Beware of Unsafe Conversions from size_t to int

Considering the Unicode conversion code between UTF-16 and UTF-8 using the C++ Standard Library strings and the WideCharToMultiByte and MultiByteToWideChar Win32 APIs, there’s an important aspect regarding the interoperability of the std::string and std::wstring classes at the interface of the aforementioned Win32 APIs.

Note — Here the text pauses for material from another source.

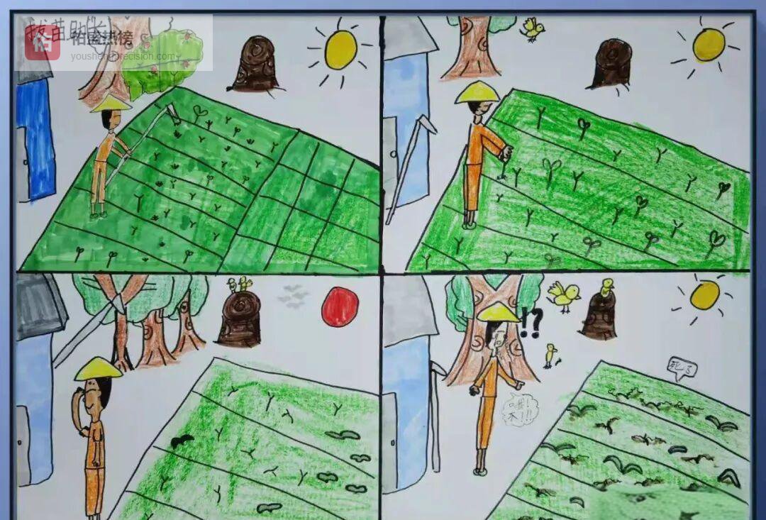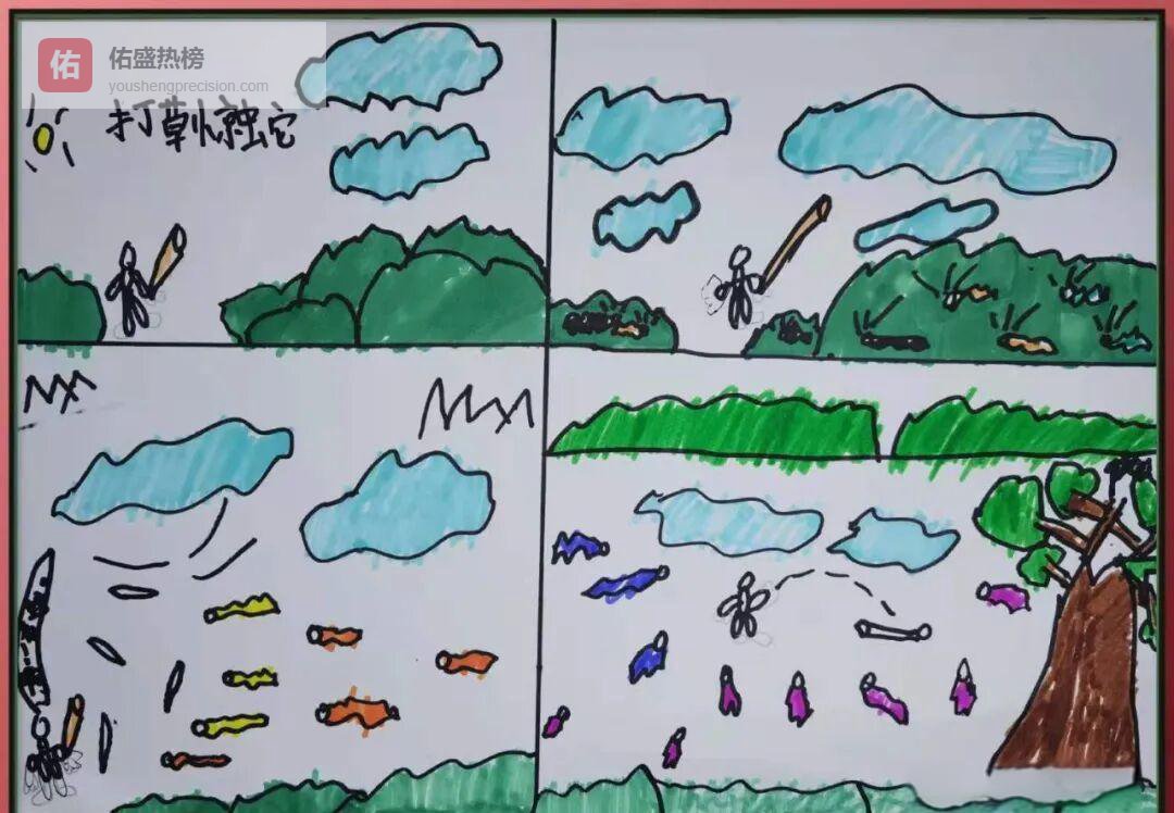 ❒ 《打草惊蛇》言言 言言把“打草惊蛇”画成草、蛇、猎人三段式:草在晃,蛇在逃,猎人举枪追。他给画面配文:“本来不想惊,一吓全线崩。”猎人的鲁莽与蛇的惊惶同框,孩子一眼读出:做事要瞻前顾后,别草率。

For example, when you invoke the WideCharToMultiByte API to convert from UTF-16 to UTF-8, the fourth parameter (cchWideChar) represents the number of wchar_ts to process in the input string:

// The WideCharToMultiByte Win32 API declaration from MSDN:
// https://learn.microsoft.com/en-us/windows/win32/api/stringapiset/nf-stringapiset-widechartomultibyte

int WideCharToMultiByte(
  [in]            UINT                               CodePage,
  [in]            DWORD                              dwFlags,
  [in]            _In_NLS_string_(cchWideChar)LPCWCH lpWideCharStr,
  [in]            int                                cchWideChar,
  [out, optional] LPSTR                              lpMultiByteStr,
  [in]            int                                cbMultiByte,
  [in, optional]  LPCCH                              lpDefaultChar,
  [out, optional] LPBOOL                             lpUsedDefaultChar
);

As you can see from the function documentation, this cchWideChar “input string length” parameter is of type int.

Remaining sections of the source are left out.